*Exercise instructions*. Here the job is to repeat the listing exactly, but not the pictures in it.

*Provided data*.
■ ■ ■ ■ ■

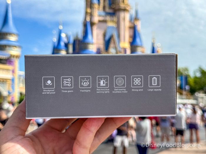 Not to mention it’s also shockproof and fall-proof, it has a flashlight, has red and blue warning lights, and has a really large battery capacity. It’s definitely the fan we recommend for the heat of summer, and it’s worth the extra space it takes up in your bag!
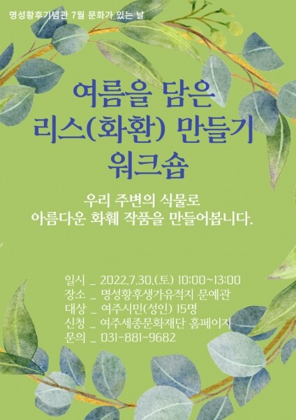 다양한 여름의 생태를 관찰하고 이를 활용한 예술작품을 만들어보는 기회를 제공하고자 기획된 이번 프로그램은 관내 예술인인 조은혜 플로리스트가 강사로 나서 여주시민들과 아름다운 식물 장식품을 만드는 시간을 갖는다.
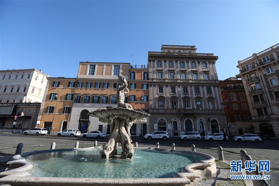 3月16日,在意大利首都羅馬,出租車在巴貝里尼廣場一處出租車停靠點排隊等候。新華社記者程婷婷攝

■ ■ ■ ■ ■

*Solution for this exercise*.
 Not to mention it’s also shockproof and fall-proof, it has a flashlight, has red and blue warning lights, and has a really large battery capacity. It’s definitely the fan we recommend for the heat of summer, and it’s worth the extra space it takes up in your bag!
 다양한 여름의 생태를 관찰하고 이를 활용한 예술작품을 만들어보는 기회를 제공하고자 기획된 이번 프로그램은 관내 예술인인 조은혜 플로리스트가 강사로 나서 여주시민들과 아름다운 식물 장식품을 만드는 시간을 갖는다.
 3月16日,在意大利首都羅馬,出租車在巴貝里尼廣場一處出租車停靠點排隊等候。新華社記者程婷婷攝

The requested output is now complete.